▶ **EXERCISE DESCRIPTION**:
Your answer must be the lines from the top of the listing below through the line that holds "Zwarte Adidas VL", retyped exactly, with no pictures.

▶ **RECORDS TO USE**:
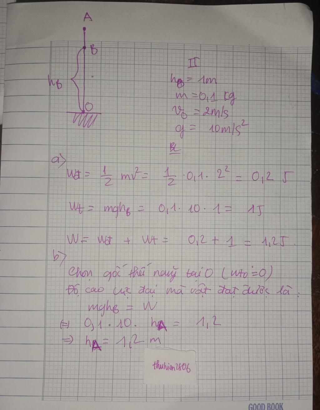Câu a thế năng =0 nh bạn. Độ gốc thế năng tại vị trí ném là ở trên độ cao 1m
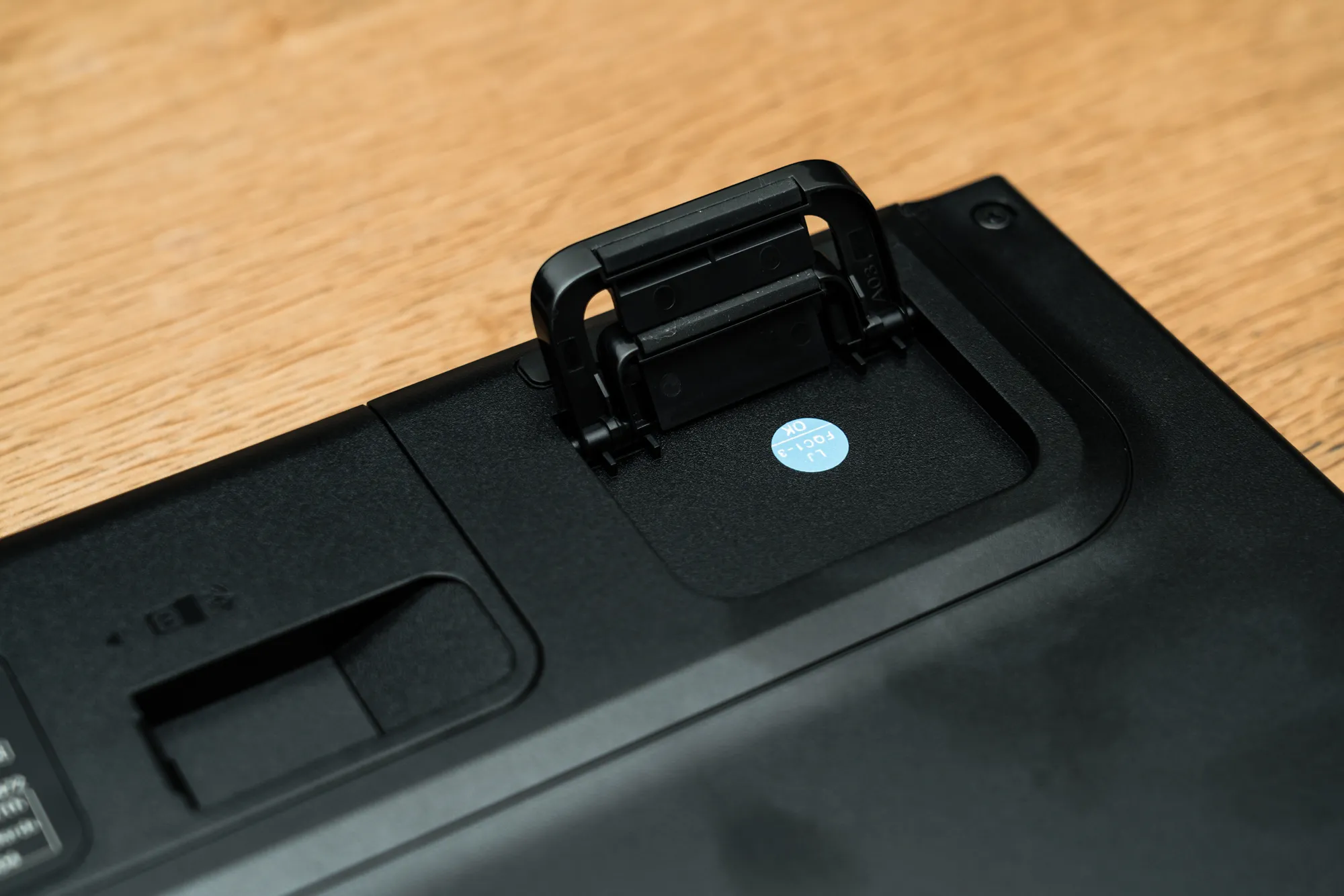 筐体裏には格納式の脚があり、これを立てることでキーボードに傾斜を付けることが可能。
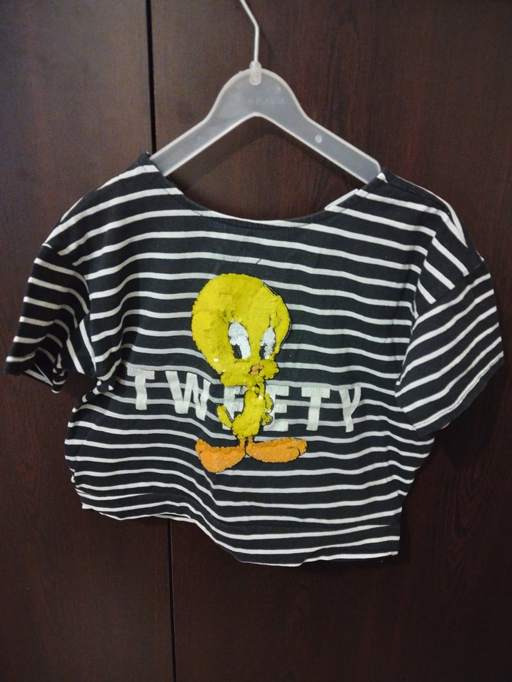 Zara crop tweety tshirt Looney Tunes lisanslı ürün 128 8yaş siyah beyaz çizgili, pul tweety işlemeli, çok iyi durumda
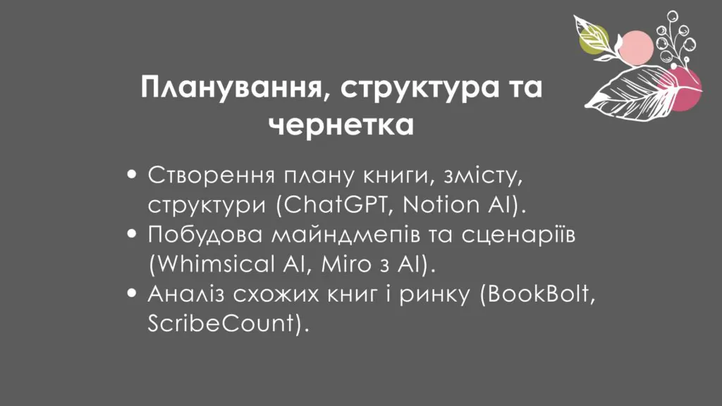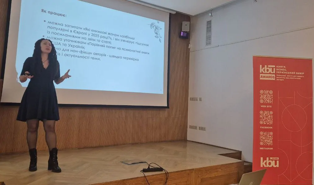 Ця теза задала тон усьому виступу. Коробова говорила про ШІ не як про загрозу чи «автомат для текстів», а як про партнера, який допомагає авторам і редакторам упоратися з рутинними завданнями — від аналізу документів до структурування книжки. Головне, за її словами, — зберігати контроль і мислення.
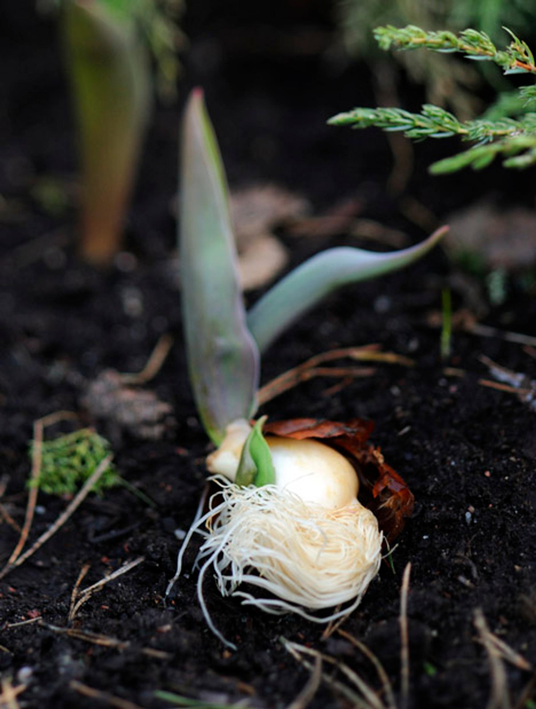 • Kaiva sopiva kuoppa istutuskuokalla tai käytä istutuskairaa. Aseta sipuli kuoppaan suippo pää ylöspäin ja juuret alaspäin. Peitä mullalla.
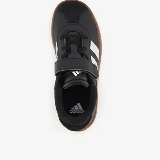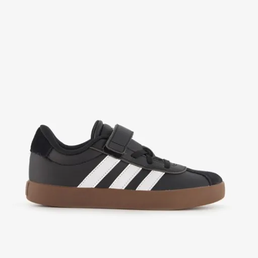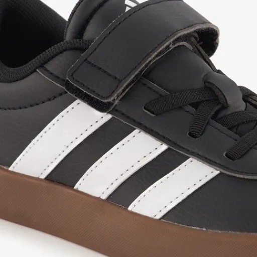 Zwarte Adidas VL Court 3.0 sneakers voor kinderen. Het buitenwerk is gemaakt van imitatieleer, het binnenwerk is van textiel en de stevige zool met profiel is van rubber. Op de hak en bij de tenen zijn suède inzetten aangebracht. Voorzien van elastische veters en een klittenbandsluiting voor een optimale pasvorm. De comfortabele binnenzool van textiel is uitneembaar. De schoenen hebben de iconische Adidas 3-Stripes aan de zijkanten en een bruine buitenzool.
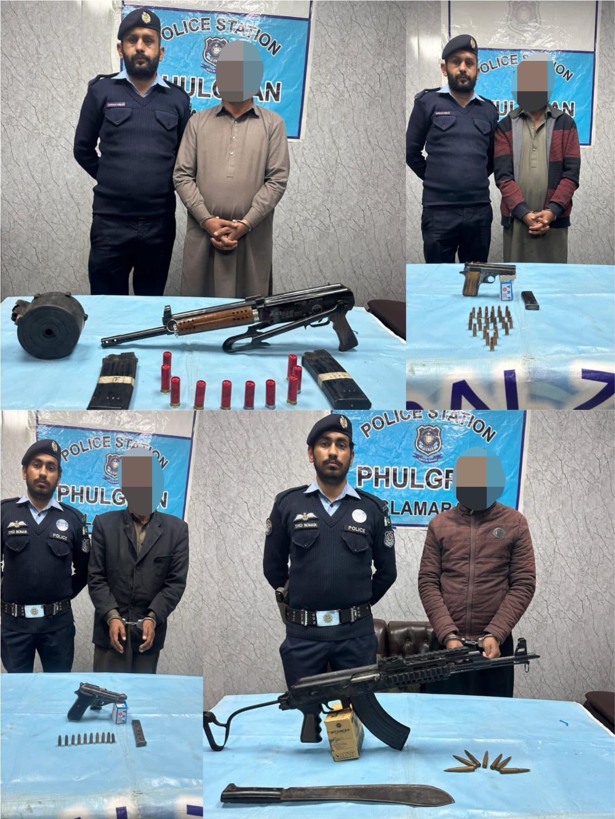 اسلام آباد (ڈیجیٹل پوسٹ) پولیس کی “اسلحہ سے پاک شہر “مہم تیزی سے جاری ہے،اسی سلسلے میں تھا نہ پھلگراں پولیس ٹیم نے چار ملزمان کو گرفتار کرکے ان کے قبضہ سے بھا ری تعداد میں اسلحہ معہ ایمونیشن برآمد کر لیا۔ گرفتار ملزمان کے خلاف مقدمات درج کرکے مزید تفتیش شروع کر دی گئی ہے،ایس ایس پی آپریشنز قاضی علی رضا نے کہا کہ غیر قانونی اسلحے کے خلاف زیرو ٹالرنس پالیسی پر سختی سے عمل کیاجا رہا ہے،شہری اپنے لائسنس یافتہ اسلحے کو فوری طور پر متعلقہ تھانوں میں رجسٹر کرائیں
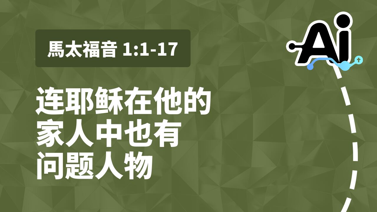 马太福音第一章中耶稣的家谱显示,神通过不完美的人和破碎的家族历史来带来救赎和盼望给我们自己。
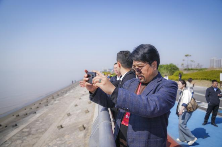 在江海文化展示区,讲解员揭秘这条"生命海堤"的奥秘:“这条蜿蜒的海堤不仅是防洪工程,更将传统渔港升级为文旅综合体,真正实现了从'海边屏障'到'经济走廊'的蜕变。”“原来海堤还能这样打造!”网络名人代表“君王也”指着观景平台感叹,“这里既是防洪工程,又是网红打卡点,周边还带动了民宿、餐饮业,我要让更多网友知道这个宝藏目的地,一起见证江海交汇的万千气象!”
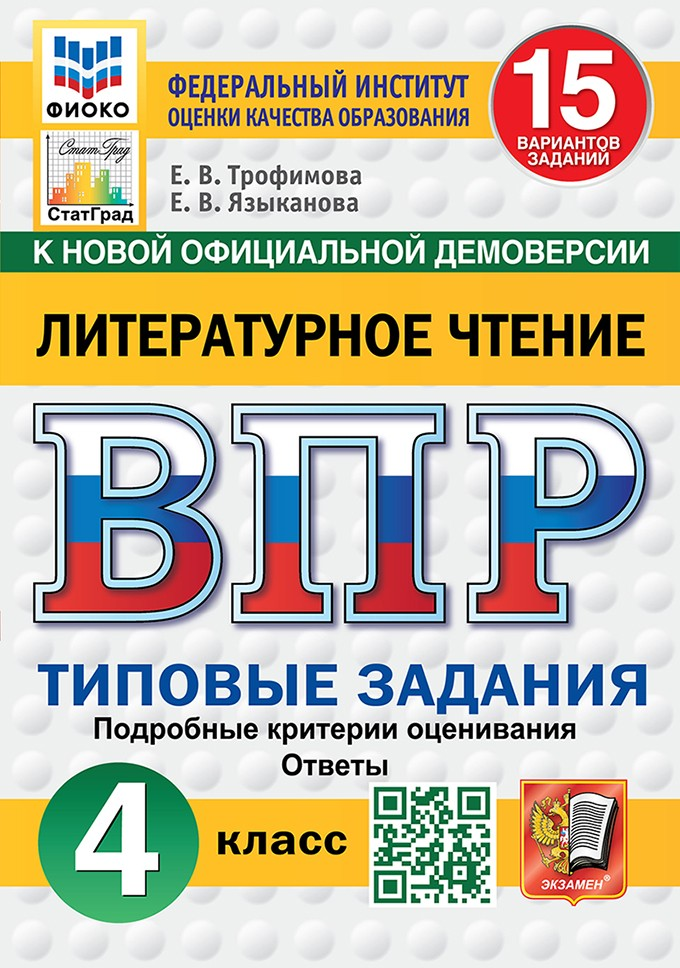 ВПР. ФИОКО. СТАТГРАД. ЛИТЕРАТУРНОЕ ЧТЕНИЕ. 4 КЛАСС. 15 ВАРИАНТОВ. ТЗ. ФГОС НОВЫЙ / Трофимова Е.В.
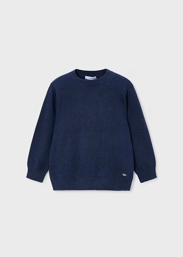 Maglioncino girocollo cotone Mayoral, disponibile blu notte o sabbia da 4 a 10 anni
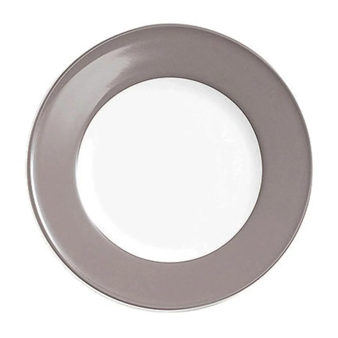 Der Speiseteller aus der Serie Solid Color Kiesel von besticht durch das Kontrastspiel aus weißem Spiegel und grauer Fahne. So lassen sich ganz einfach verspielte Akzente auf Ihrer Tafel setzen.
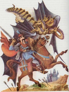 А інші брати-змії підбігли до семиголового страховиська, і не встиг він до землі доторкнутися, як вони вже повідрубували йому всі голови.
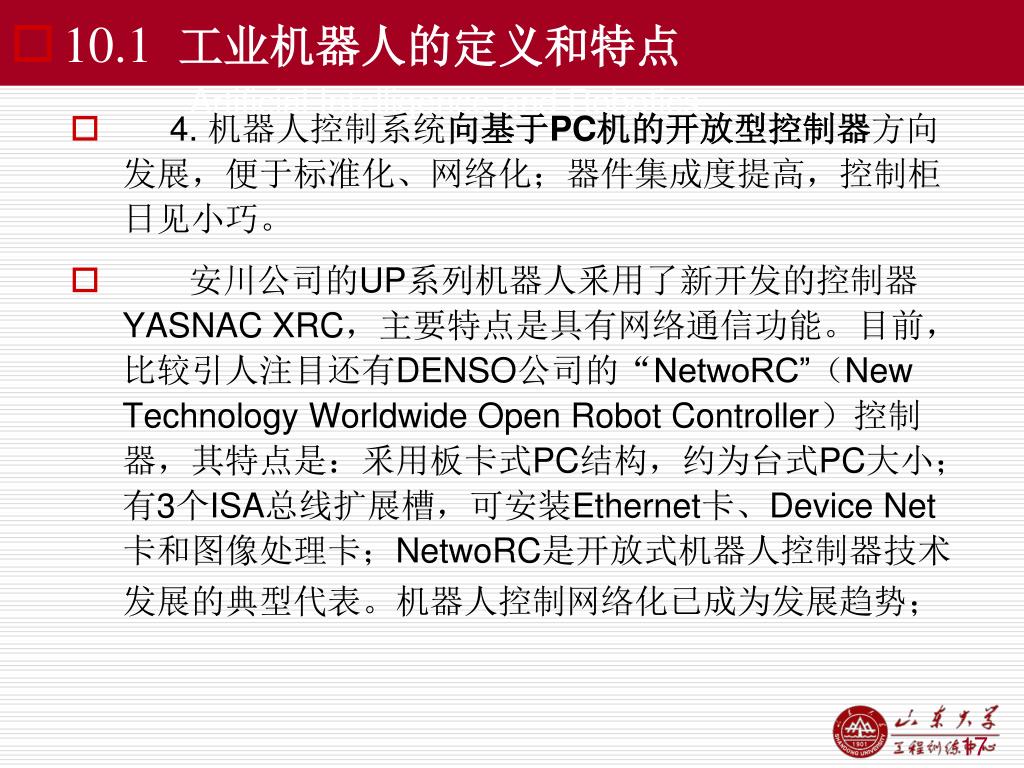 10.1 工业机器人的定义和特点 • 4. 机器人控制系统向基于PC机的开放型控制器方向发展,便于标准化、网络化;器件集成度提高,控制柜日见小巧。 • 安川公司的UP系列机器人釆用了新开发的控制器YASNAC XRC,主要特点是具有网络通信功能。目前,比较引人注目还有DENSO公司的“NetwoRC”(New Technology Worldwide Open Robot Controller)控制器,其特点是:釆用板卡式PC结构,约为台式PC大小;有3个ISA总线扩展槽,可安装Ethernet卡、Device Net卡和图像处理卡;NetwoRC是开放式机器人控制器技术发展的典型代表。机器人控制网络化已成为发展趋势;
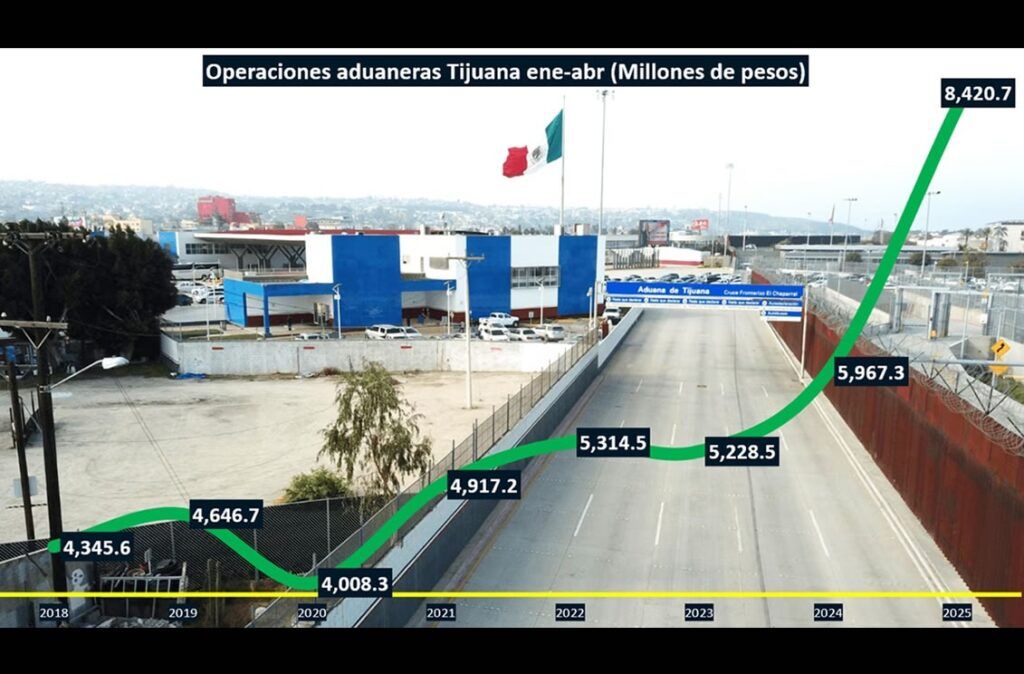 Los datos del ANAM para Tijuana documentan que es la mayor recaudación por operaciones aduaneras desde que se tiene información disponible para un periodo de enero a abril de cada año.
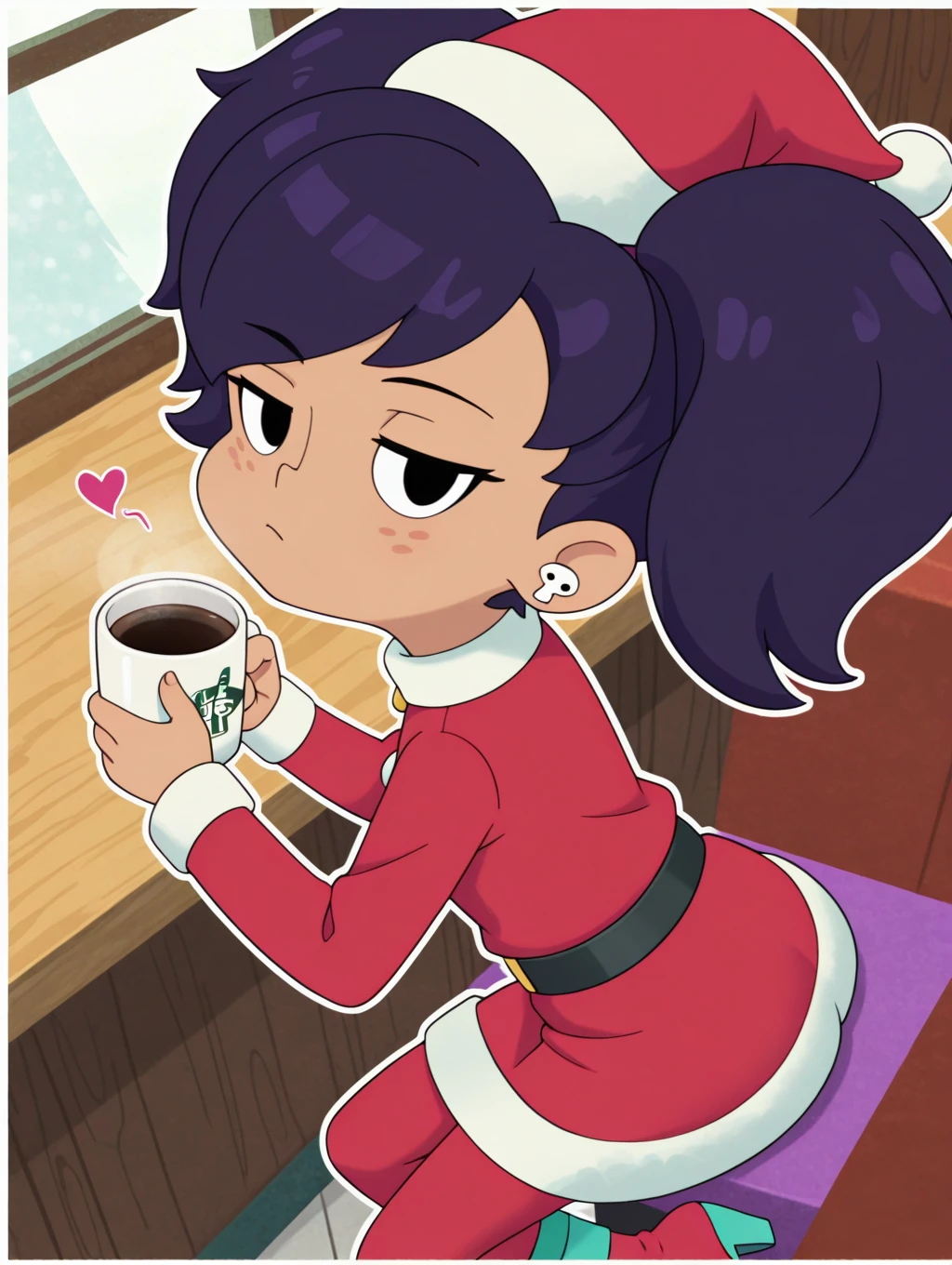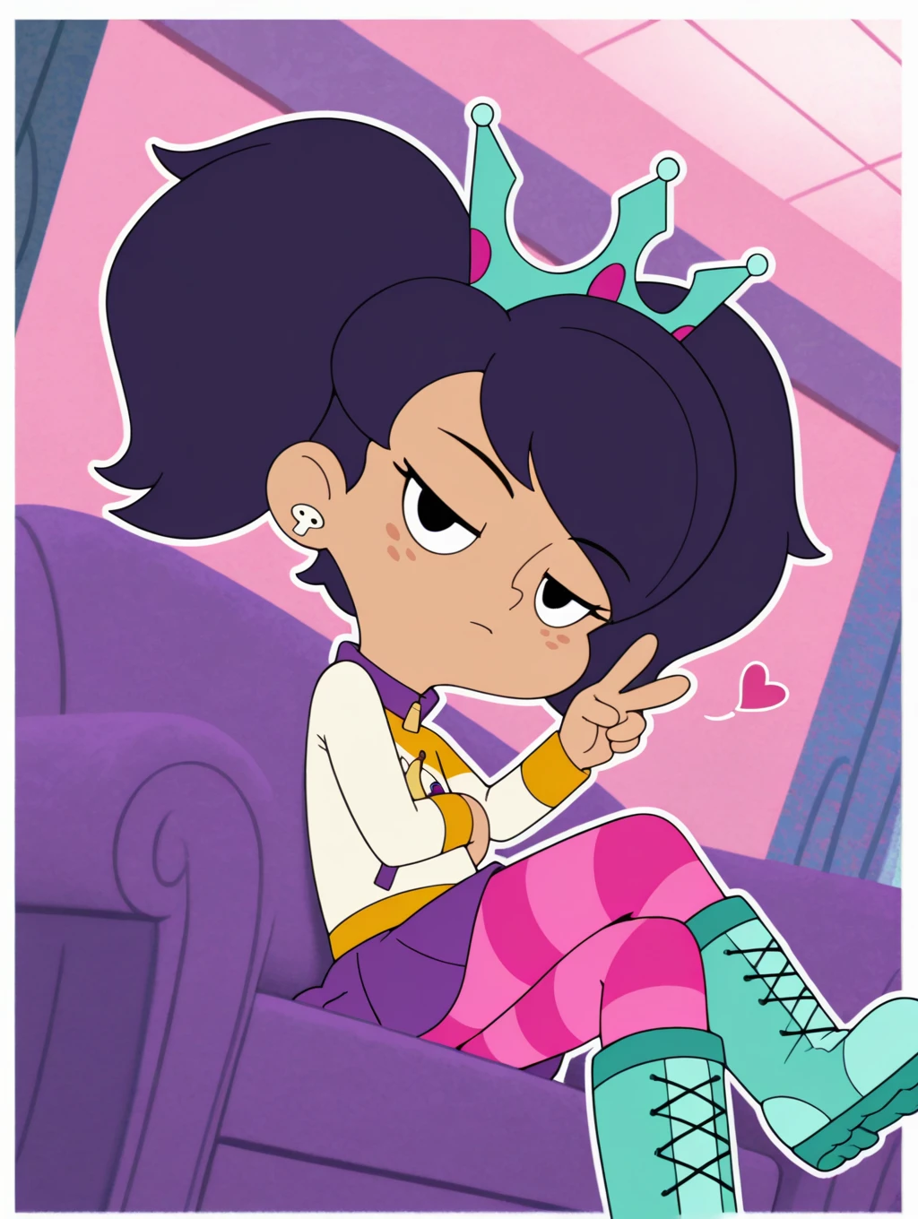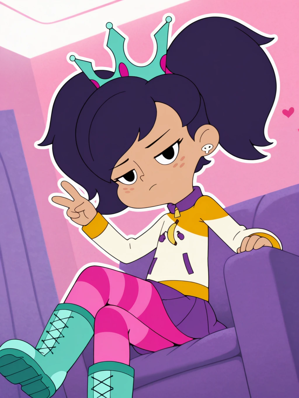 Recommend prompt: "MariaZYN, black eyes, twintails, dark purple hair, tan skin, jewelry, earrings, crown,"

▶ **WRITTEN RESPONSE**:
Câu a thế năng =0 nh bạn. Độ gốc thế năng tại vị trí ném là ở trên độ cao 1m
 筐体裏には格納式の脚があり、これを立てることでキーボードに傾斜を付けることが可能。
 Zara crop tweety tshirt Looney Tunes lisanslı ürün 128 8yaş siyah beyaz çizgili, pul tweety işlemeli, çok iyi durumda
 Ця теза задала тон усьому виступу. Коробова говорила про ШІ не як про загрозу чи «автомат для текстів», а як про партнера, який допомагає авторам і редакторам упоратися з рутинними завданнями — від аналізу документів до структурування книжки. Головне, за її словами, — зберігати контроль і мислення.
 • Kaiva sopiva kuoppa istutuskuokalla tai käytä istutuskairaa. Aseta sipuli kuoppaan suippo pää ylöspäin ja juuret alaspäin. Peitä mullalla.
 Zwarte Adidas VL Court 3.0 sneakers voor kinderen. Het buitenwerk is gemaakt van imitatieleer, het binnenwerk is van textiel en de stevige zool met profiel is van rubber. Op de hak en bij de tenen zijn suède inzetten aangebracht. Voorzien van elastische veters en een klittenbandsluiting voor een optimale pasvorm. De comfortabele binnenzool van textiel is uitneembaar. De schoenen hebben de iconische Adidas 3-Stripes aan de zijkanten en een bruine buitenzool.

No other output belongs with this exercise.